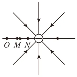 3. 如图所示,O、M、N为一负点电荷电场中一条电场线上的三点,M为ON的中点。O、N两点的电势分别为
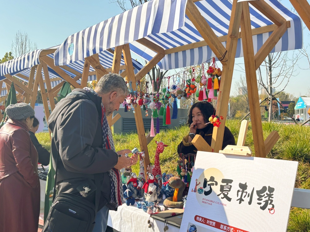 11月11日,一名外國游客挑選寧夏刺繡產品。當日,“2025年公共文化產品和服務采購大會”在北京城市副中心三大文化建筑戶外場地舉行,寧夏刺繡、手工毯、剪紙、灘羊皮鞣制等多項非物質文化遺產代表性項目精彩亮相。寧夏日報報業集團全媒體記者 張雪梅 攝
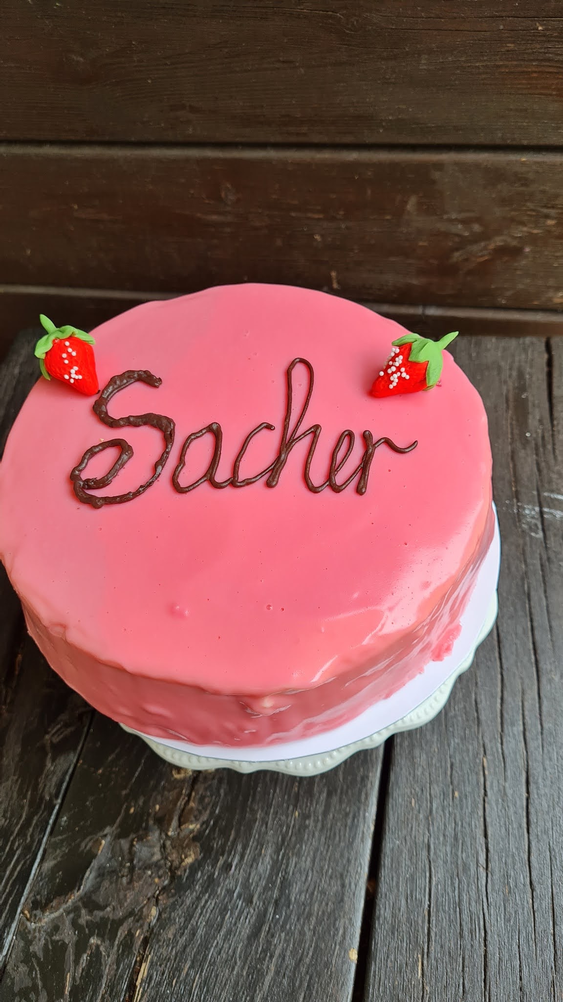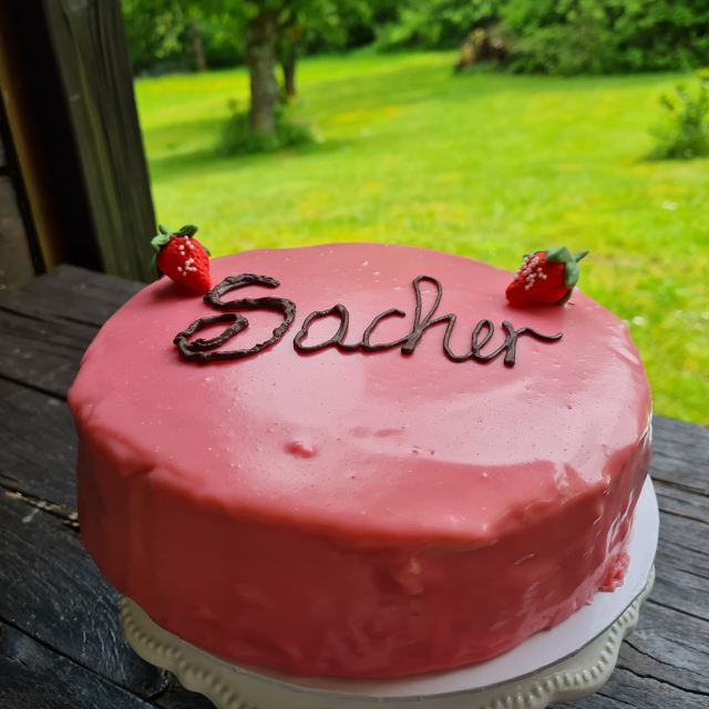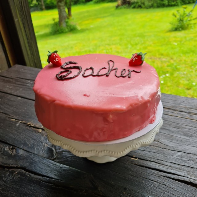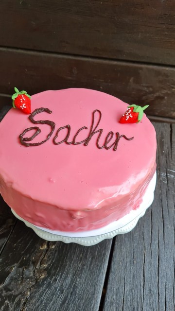 При много мои голи торти използвам предимно блат Сахер и съединявам с чийзкрем (крема сирене и шоколадов ганаш). Така направих и с ягодовия сахер. Заместих ягодовия конфитюр с ягодов чийзкрем. Ароматен и вкусен.
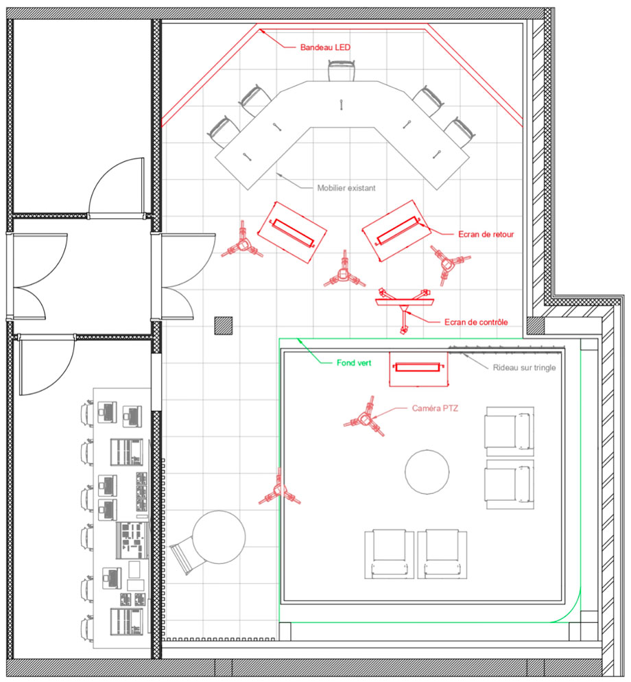 – Une zone «enregistrement vidéo» qui disposera d’un aménagement modulable avec un fond vert et/ou fond déco et/ou tenture noir ou blanche
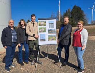 Vorstellung der Windkraftanlage (von links): Ortsvorsteher Gerald Linn, die Geschwister Ohnesorg, 1. Beigeordneter Thorsten Schmidt und stellvertretende Ortsvorsteherin Angelique Machnik
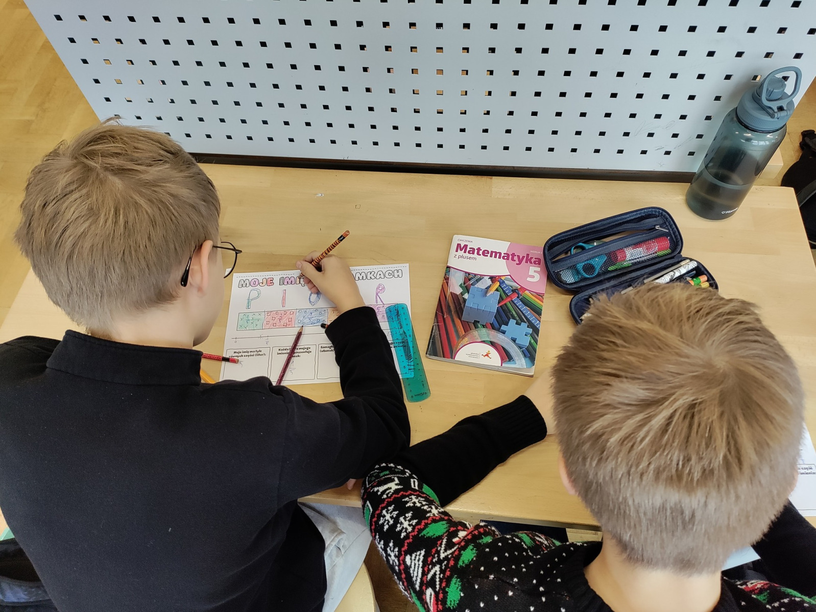 Każdy uczestnik lekcji napisał i ozdobił swoje imię, tworząc barwne, oryginalne prace. Zadanie połączyło matematykę z kreatywnością, dzięki czemu efekty były nie tylko estetyczne, ale i edukacyjne.
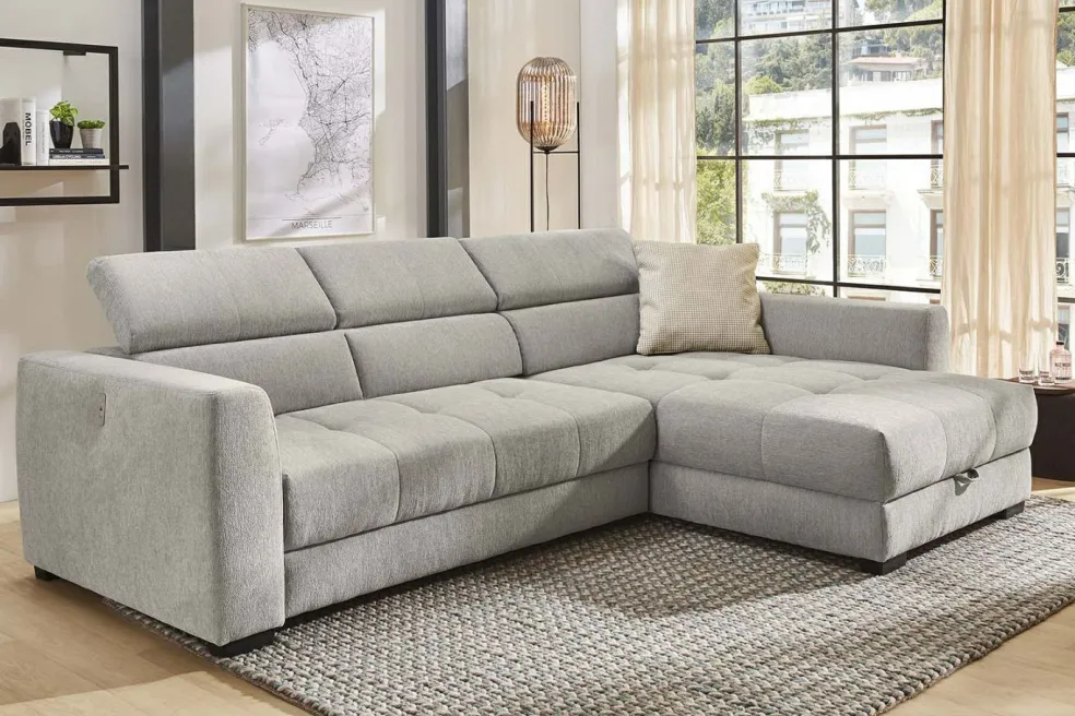 | Equipement canapés: | Appuie-tête(s), Dos habillé, Méridienne à droite ou à gauche, Port USB, Prolongement de l’assise motorisé, incl. coffre de lit, incl. coussins | ||
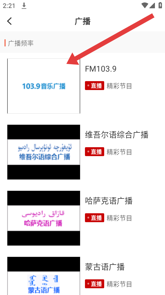 3、在廣播頻率選擇頁(yè)面,瀏覽各類(lèi)廣播選項(xiàng),如FM103.9音樂(lè)廣播,點(diǎn)擊想要收聽(tīng)的廣播,即可開(kāi)始收聽(tīng)對(duì)應(yīng)的直播節(jié)目。
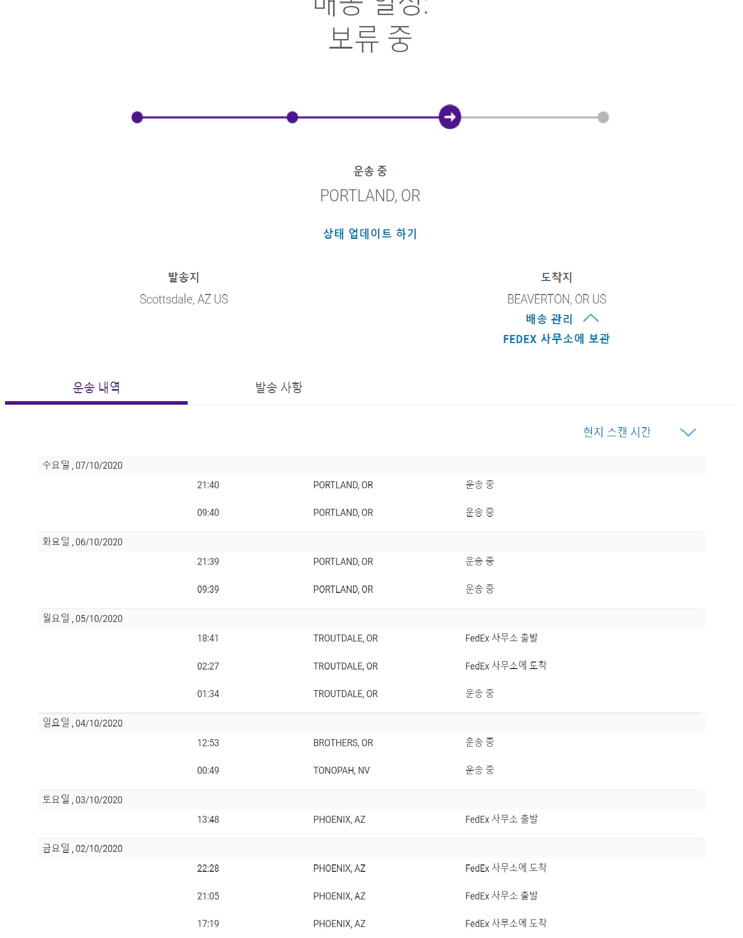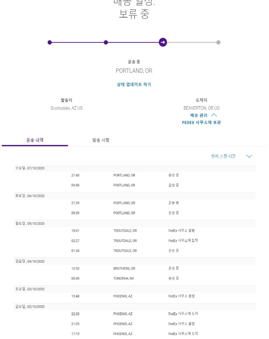 전 9월 25일 우드 주문했고 출발은 10월 1일에 됐는데 배대지 다와서 저렇게 멈춰 있네요. 페덱스 전화해보니 오레곤주 산불 이슈도 있고 물량도 많다고 언제 도착할지 확인을 못해준다고 합니다 ㅠ 그냥 기다려보래요
-=-=-=-=-
Task directions:
Write out again, exactly, each line from the one with "При много мои" to the end of the entries. No pictures go in.

Task response:
 При много мои голи торти използвам предимно блат Сахер и съединявам с чийзкрем (крема сирене и шоколадов ганаш). Така направих и с ягодовия сахер. Заместих ягодовия конфитюр с ягодов чийзкрем. Ароматен и вкусен.
 – Une zone «enregistrement vidéo» qui disposera d’un aménagement modulable avec un fond vert et/ou fond déco et/ou tenture noir ou blanche
 Vorstellung der Windkraftanlage (von links): Ortsvorsteher Gerald Linn, die Geschwister Ohnesorg, 1. Beigeordneter Thorsten Schmidt und stellvertretende Ortsvorsteherin Angelique Machnik
 Każdy uczestnik lekcji napisał i ozdobił swoje imię, tworząc barwne, oryginalne prace. Zadanie połączyło matematykę z kreatywnością, dzięki czemu efekty były nie tylko estetyczne, ale i edukacyjne.
 | Equipement canapés: | Appuie-tête(s), Dos habillé, Méridienne à droite ou à gauche, Port USB, Prolongement de l’assise motorisé, incl. coffre de lit, incl. coussins | ||
 3、在廣播頻率選擇頁(yè)面,瀏覽各類(lèi)廣播選項(xiàng),如FM103.9音樂(lè)廣播,點(diǎn)擊想要收聽(tīng)的廣播,即可開(kāi)始收聽(tīng)對(duì)應(yīng)的直播節(jié)目。
 전 9월 25일 우드 주문했고 출발은 10월 1일에 됐는데 배대지 다와서 저렇게 멈춰 있네요. 페덱스 전화해보니 오레곤주 산불 이슈도 있고 물량도 많다고 언제 도착할지 확인을 못해준다고 합니다 ㅠ 그냥 기다려보래요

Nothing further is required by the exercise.